Exercise aim: Could you please repeat the entries below word for word, with the images left out?
=== Data provided ===
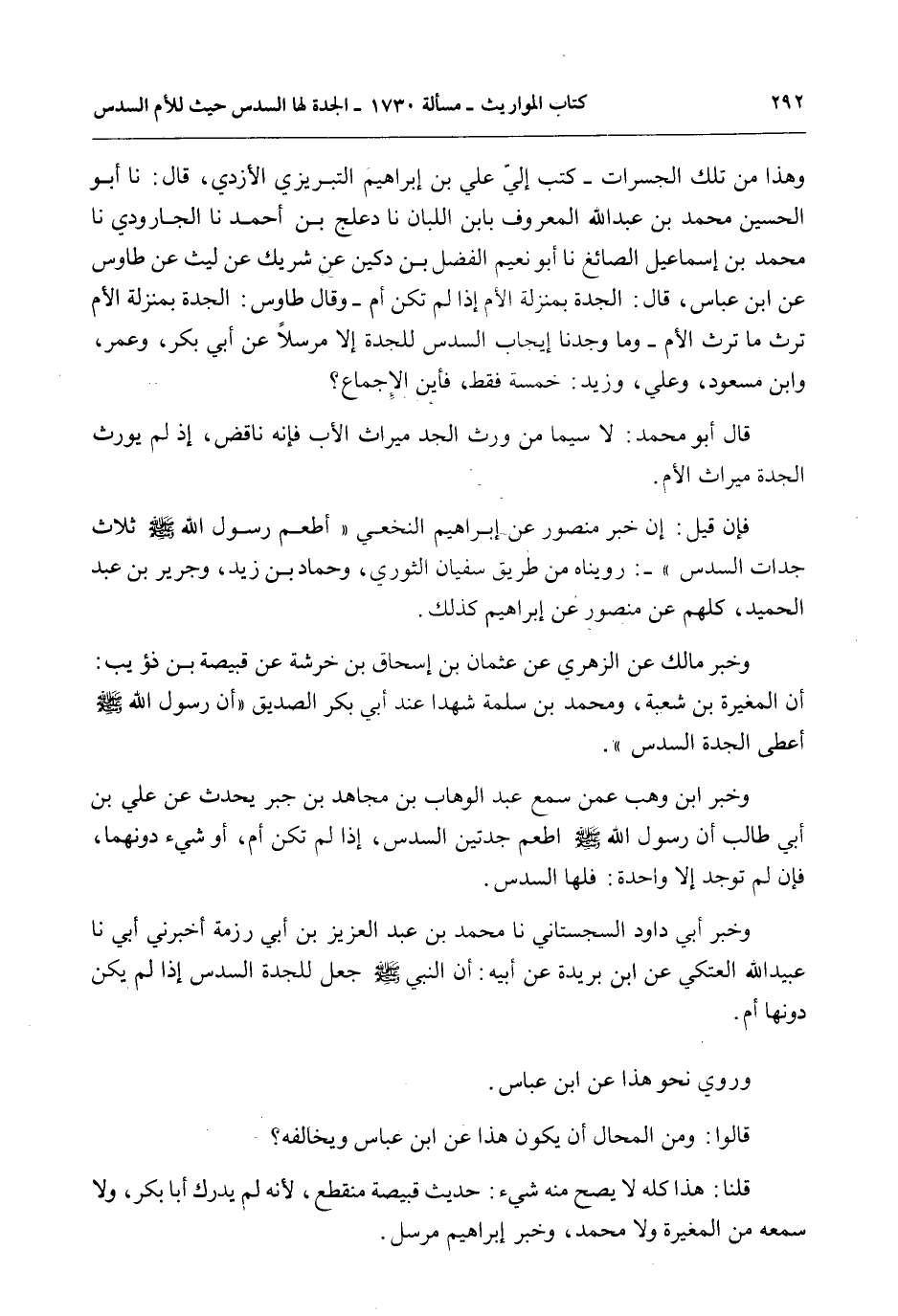 وَهَذَا مِنْ تِلْكَ الْجَسْرَاتِ - كَتَبَ إلَيَّ عَلِيُّ بْنُ إبْرَاهِيمَ التَّبْرِيزِيُّ الْأَزْدِيُّ، قَالَ: نا أَبُو الْحُسَيْنِ مُحَمَّدُ بْنُ عَبْدِ اللَّهِ الْمَعْرُوفُ بِابْنِ اللَّبَّانِ نا دِعْلِجُ بْنُ أَحْمَدَ نا الْجَارُودِيُّ نا مُحَمَّدُ بْنُ إسْمَاعِيلَ الصَّائِغُ نا أَبُو نُعَيْمٍ الْفَضْلُ بْنُ دُكَيْنٍ عَنْ شَرِيكٍ عَنْ لَيْثٍ عَنْ طَاوُسٍ عَنْ ابْنِ عَبَّاسٍ، قَالَ: الْجَدَّةُ بِمَنْزِلَةِ الْأُمِّ إذَا لَمْ تَكُنْ أُمٌّ - وَقَالَ طَاوُسٌ: الْجَدَّةُ بِمَنْزِلَةِ الْأُمِّ تَرِثُ مَا تَرِثُ الْأُمُّ - وَمَا وَجَدْنَا إيجَابَ السُّدُسِ لِلْجَدَّةِ إلَّا مُرْسَلًا عَنْ أَبِي بَكْرٍ، وَعُمَرَ، وَابْنِ مَسْعُودٍ، وَعَلِيٍّ، وَزَيْدٍ: خَمْسَةٌ فَقَطْ، فَأَيْنَ الْإِجْمَاعُ؟ قَالَ أَبُو مُحَمَّدٍ: لَا سِيَّمَا مَنْ وَرَّثَ الْجَدَّ مِيرَاثَ الْأَبِ فَإِنَّهُ نَاقَضَ، إذْ لَمْ يُوَرِّثْ الْجَدَّةَ مِيرَاثَ الْأُمِّ.
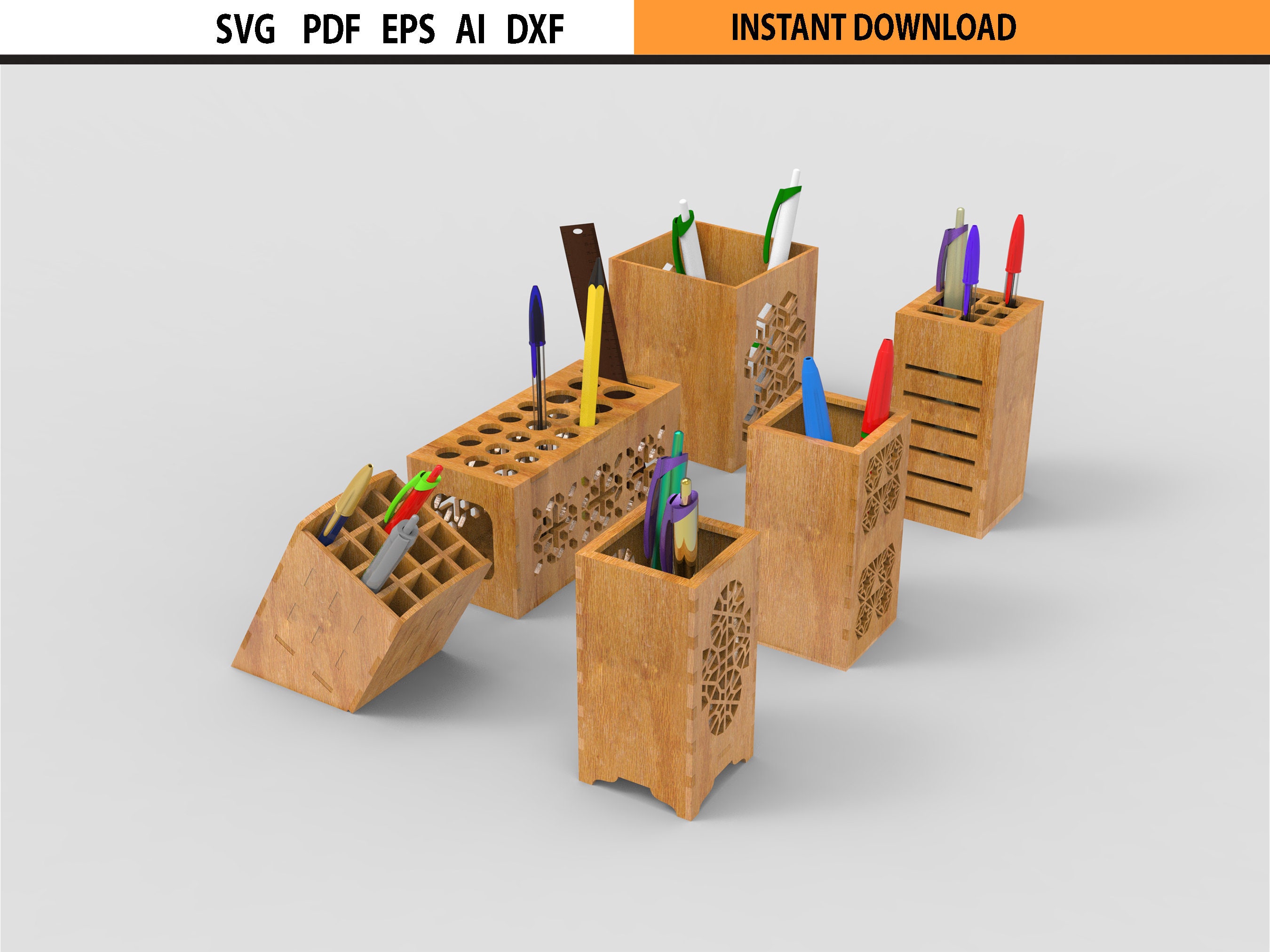 Laser Cut Desk Organizer Pencil Holder Design Bundle SVG 6Set- Laser Cut Pencil Pen Organizer- Laser...
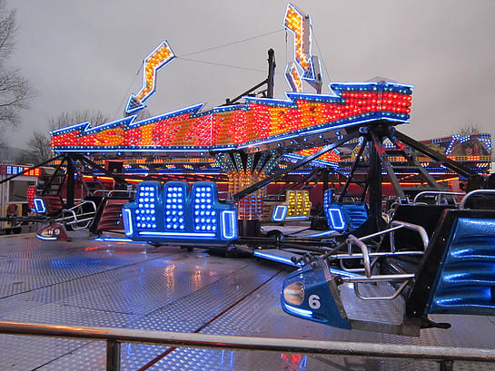 The Twister is known by many other names - the Scrambler, the Twist, the Merry Mixer or the Sizzler are just some of them - but the concept of the ride is always the same. Riders sit in a carriage with their friends and family and are spun round two central axles, which keeps them glued into their seats through centrifugal force (and - of course - a mandatory safety harness). Your carriage spins in one direction, and the ride spins in the other direction, creating a dizzying experience that is fun for all ages.
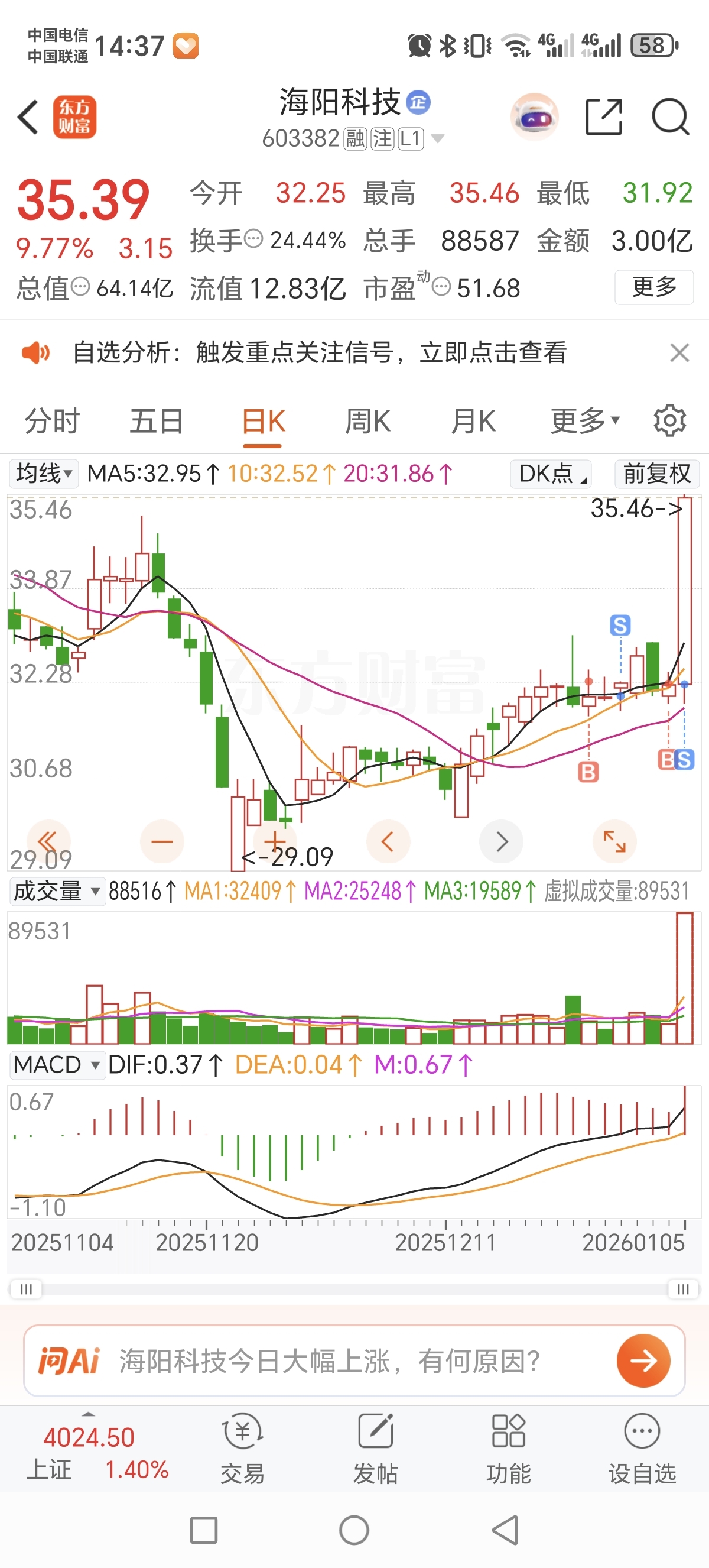 $海阳科技(SH603382)$ 感谢我吧,筹码一交就涨停
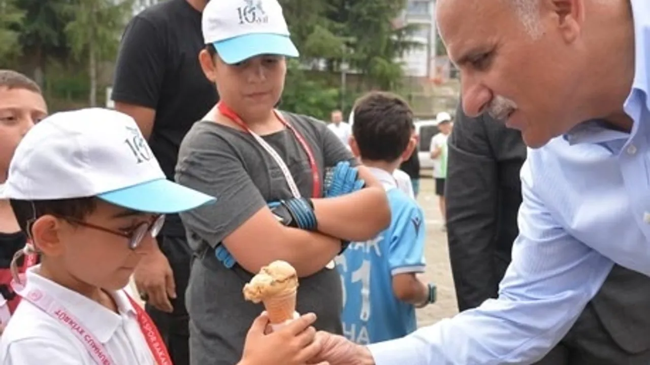 Trabzon Büyükşehir Belediye Başkanı Murat Zorluoğlu, geçtiğimiz günlerde miniklere dönük spor okullarının kapanış töreninde anlamlı bir jest gerçekleştirdi. Etkinliklere katılan tüm çocuklara birer top dondurma armağan etti. Ancak bu jest, sadece bir dondurma hediyesi değil, aslında daha derin anlamlara işaret ediyor.
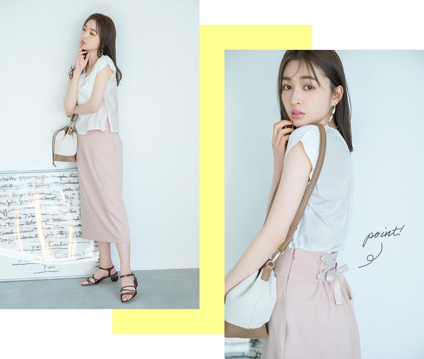 編み上げリボンがポイント!カットソーをインしてもかわいく着ていただけます♪
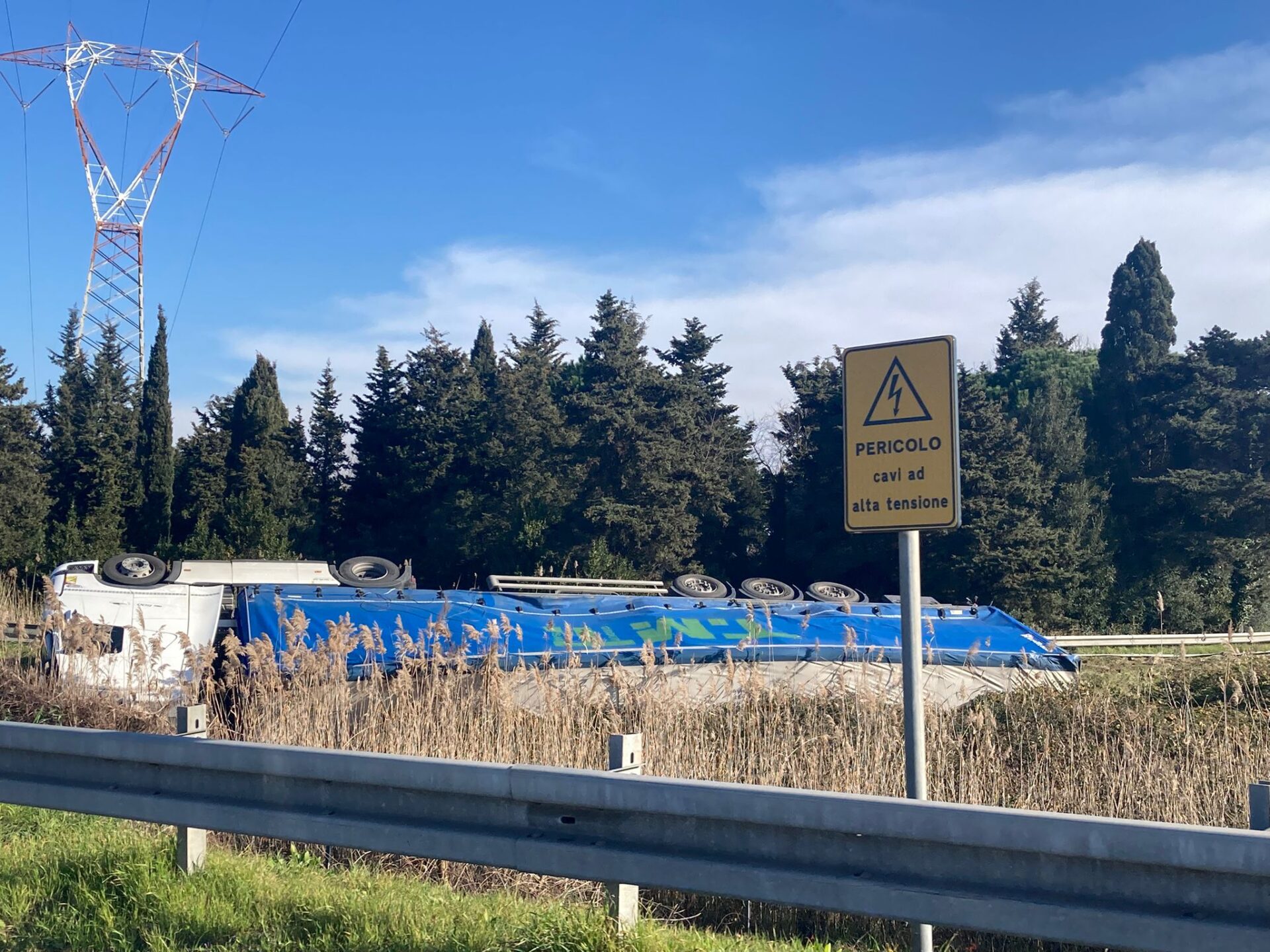 Tir ribaltato alla Variante di Stagno
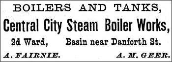 During 1884, Central City Steam Boiler Works, located in the second ward at Basin near Danforth Street was manufacturing boilers and tanks. A. Fairnie and A. M. Geer were the proprietors.[22] Onondaga Steam Boiler and Iron Works Company, who later merged with Mack Bros. Boiler and Sheet Iron Works, Inc., was established in 1888.[4] They were located at 405 Marcellus Street by 1894.[12]
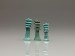 Group of three (3) blue-green glazed faience composition amulets of the Djed pillar, the backbone of Osiris symbolizing strength and stability, carved in the shape of a tall shaft with four horizontal bars, on the back side of the pillar stands a taller column, pierced for suspension. The Spell 155 of the Book of the Dead, refers to its function as follows "I am the magical protection of Osiris". It’s a magical spell, to be recited over a djed pillar, placed over the throat of the deceased on the day of burial.
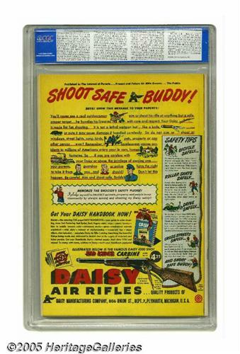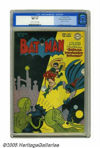 <B>Batman #41 Mile High pedigree (DC, 1947) CGC NM+ 9.6 Off-white to white pages.</B></I> What Batman fan wouldn't love this one? First of all, the zany "little green men" scene is this title's first science fiction cover -- what became a common sight during the 1950s was quite a novelty in 1947. The cover and interior art are by Jim Mooney. Then there's a Penguin appearance, in which the Man of a Thousand Umbrellas announces that he's opening a bird shop and going straight from now on. If you guessed that's just a ruse to cover up his latest crime spree, you know your Penguin! Jim Mooney drew the cover as well as both of the Batman stories. This Mile High copy is tied for the highest grade that CGC has assigned to date, and considering this issue's black cover, don't count on finding a better one. Overstreet 2005 NM- 9.2 value = $1,075. CGC census 2/05: 2 in 9.6, none higher.
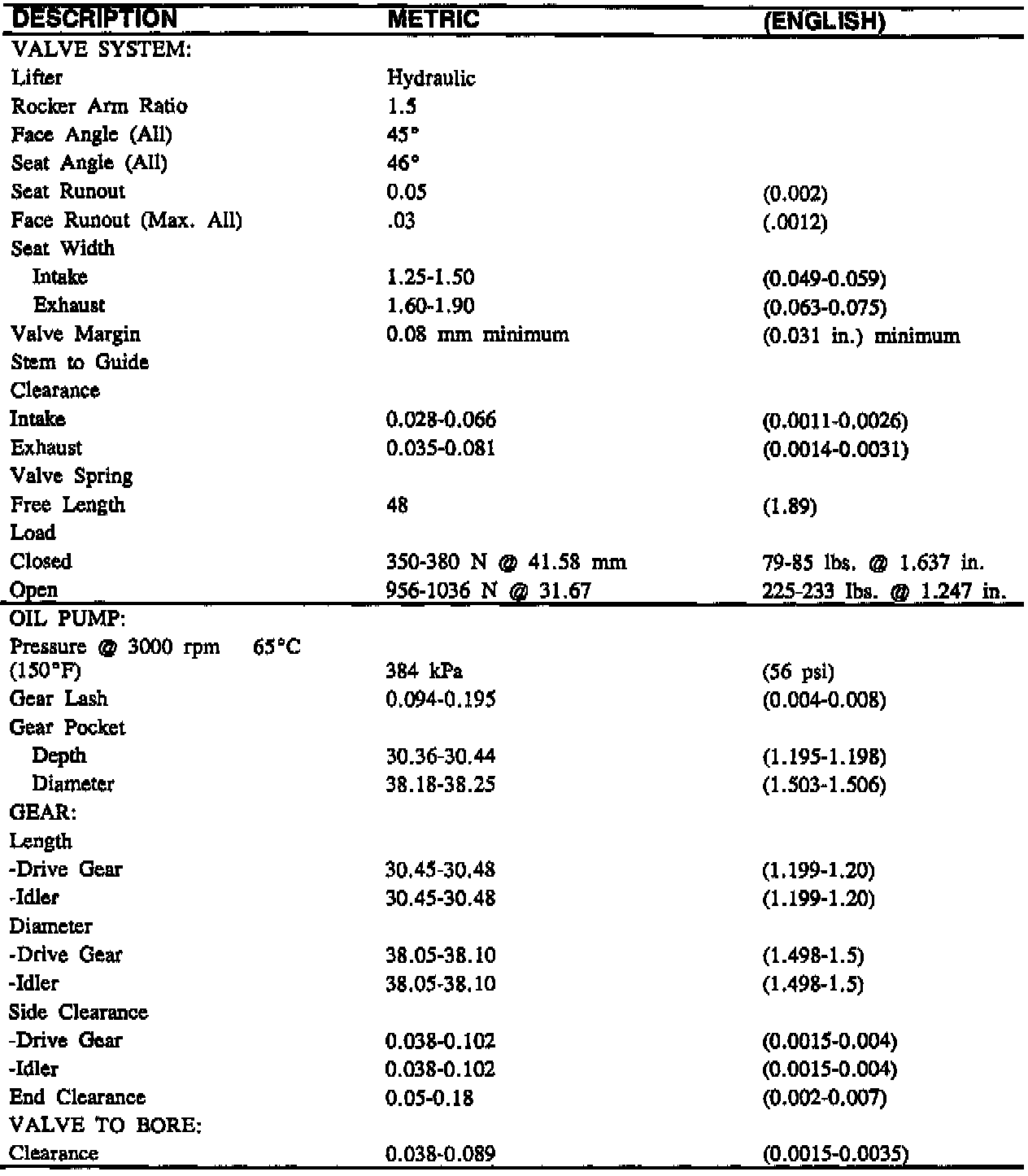 Engine Specifications:
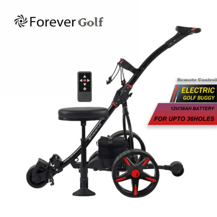 Lithium Battery Remote Control Electric Golf Trolley with a seat, Sand bucket holder, phone holder Golf Buggy-Black Frame+Red Wheels
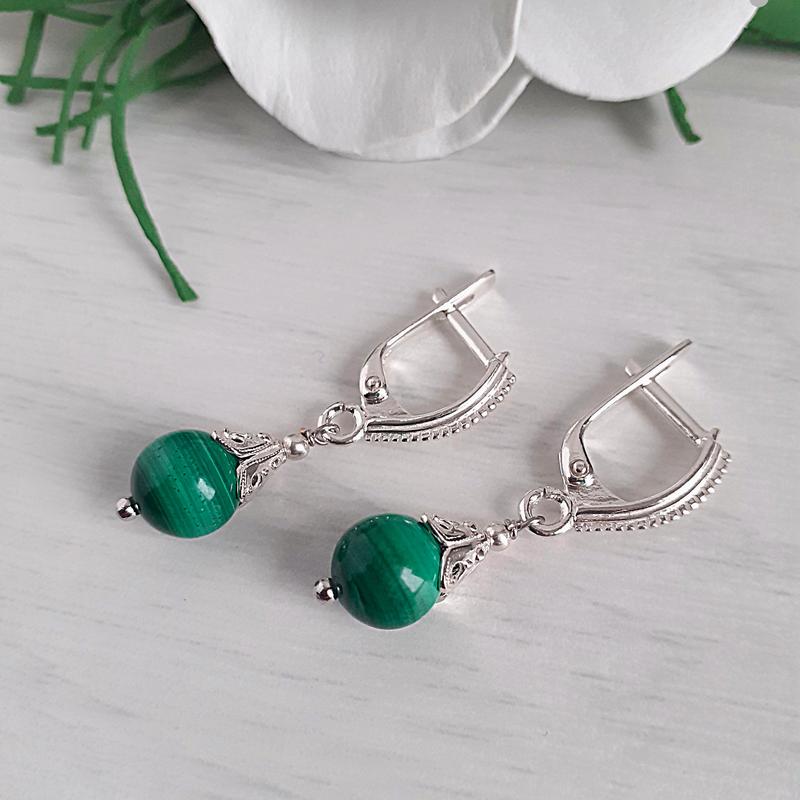 Серьги ручной работы с натуральным малахитом. Все бусины различной расцветки, рисунок также разный. Цвет - спокойный зеленый оттенок. Насыщенность цвета малахита - средняя. Размер бусин 8 мм Длина серьги около 26 мм Фурнитура производства Украины из серебра. Качество отличное! Замочки на серьгах удобные и надежные (английская застежка). Серьги небольшие и не тяжелые, подойдут для повседневной носки.
===
Exercise result:
 وَهَذَا مِنْ تِلْكَ الْجَسْرَاتِ - كَتَبَ إلَيَّ عَلِيُّ بْنُ إبْرَاهِيمَ التَّبْرِيزِيُّ الْأَزْدِيُّ، قَالَ: نا أَبُو الْحُسَيْنِ مُحَمَّدُ بْنُ عَبْدِ اللَّهِ الْمَعْرُوفُ بِابْنِ اللَّبَّانِ نا دِعْلِجُ بْنُ أَحْمَدَ نا الْجَارُودِيُّ نا مُحَمَّدُ بْنُ إسْمَاعِيلَ الصَّائِغُ نا أَبُو نُعَيْمٍ الْفَضْلُ بْنُ دُكَيْنٍ عَنْ شَرِيكٍ عَنْ لَيْثٍ عَنْ طَاوُسٍ عَنْ ابْنِ عَبَّاسٍ، قَالَ: الْجَدَّةُ بِمَنْزِلَةِ الْأُمِّ إذَا لَمْ تَكُنْ أُمٌّ - وَقَالَ طَاوُسٌ: الْجَدَّةُ بِمَنْزِلَةِ الْأُمِّ تَرِثُ مَا تَرِثُ الْأُمُّ - وَمَا وَجَدْنَا إيجَابَ السُّدُسِ لِلْجَدَّةِ إلَّا مُرْسَلًا عَنْ أَبِي بَكْرٍ، وَعُمَرَ، وَابْنِ مَسْعُودٍ، وَعَلِيٍّ، وَزَيْدٍ: خَمْسَةٌ فَقَطْ، فَأَيْنَ الْإِجْمَاعُ؟ قَالَ أَبُو مُحَمَّدٍ: لَا سِيَّمَا مَنْ وَرَّثَ الْجَدَّ مِيرَاثَ الْأَبِ فَإِنَّهُ نَاقَضَ، إذْ لَمْ يُوَرِّثْ الْجَدَّةَ مِيرَاثَ الْأُمِّ.
 Laser Cut Desk Organizer Pencil Holder Design Bundle SVG 6Set- Laser Cut Pencil Pen Organizer- Laser...
 The Twister is known by many other names - the Scrambler, the Twist, the Merry Mixer or the Sizzler are just some of them - but the concept of the ride is always the same. Riders sit in a carriage with their friends and family and are spun round two central axles, which keeps them glued into their seats through centrifugal force (and - of course - a mandatory safety harness). Your carriage spins in one direction, and the ride spins in the other direction, creating a dizzying experience that is fun for all ages.
 $海阳科技(SH603382)$ 感谢我吧,筹码一交就涨停
 Trabzon Büyükşehir Belediye Başkanı Murat Zorluoğlu, geçtiğimiz günlerde miniklere dönük spor okullarının kapanış töreninde anlamlı bir jest gerçekleştirdi. Etkinliklere katılan tüm çocuklara birer top dondurma armağan etti. Ancak bu jest, sadece bir dondurma hediyesi değil, aslında daha derin anlamlara işaret ediyor.
 編み上げリボンがポイント!カットソーをインしてもかわいく着ていただけます♪
 Tir ribaltato alla Variante di Stagno
 During 1884, Central City Steam Boiler Works, located in the second ward at Basin near Danforth Street was manufacturing boilers and tanks. A. Fairnie and A. M. Geer were the proprietors.[22] Onondaga Steam Boiler and Iron Works Company, who later merged with Mack Bros. Boiler and Sheet Iron Works, Inc., was established in 1888.[4] They were located at 405 Marcellus Street by 1894.[12]
 Group of three (3) blue-green glazed faience composition amulets of the Djed pillar, the backbone of Osiris symbolizing strength and stability, carved in the shape of a tall shaft with four horizontal bars, on the back side of the pillar stands a taller column, pierced for suspension. The Spell 155 of the Book of the Dead, refers to its function as follows "I am the magical protection of Osiris". It’s a magical spell, to be recited over a djed pillar, placed over the throat of the deceased on the day of burial.
 <B>Batman #41 Mile High pedigree (DC, 1947) CGC NM+ 9.6 Off-white to white pages.</B></I> What Batman fan wouldn't love this one? First of all, the zany "little green men" scene is this title's first science fiction cover -- what became a common sight during the 1950s was quite a novelty in 1947. The cover and interior art are by Jim Mooney. Then there's a Penguin appearance, in which the Man of a Thousand Umbrellas announces that he's opening a bird shop and going straight from now on. If you guessed that's just a ruse to cover up his latest crime spree, you know your Penguin! Jim Mooney drew the cover as well as both of the Batman stories. This Mile High copy is tied for the highest grade that CGC has assigned to date, and considering this issue's black cover, don't count on finding a better one. Overstreet 2005 NM- 9.2 value = $1,075. CGC census 2/05: 2 in 9.6, none higher.
 Engine Specifications:
 Lithium Battery Remote Control Electric Golf Trolley with a seat, Sand bucket holder, phone holder Golf Buggy-Black Frame+Red Wheels
 Серьги ручной работы с натуральным малахитом. Все бусины различной расцветки, рисунок также разный. Цвет - спокойный зеленый оттенок. Насыщенность цвета малахита - средняя. Размер бусин 8 мм Длина серьги около 26 мм Фурнитура производства Украины из серебра. Качество отличное! Замочки на серьгах удобные и надежные (английская застежка). Серьги небольшие и не тяжелые, подойдут для повседневной носки.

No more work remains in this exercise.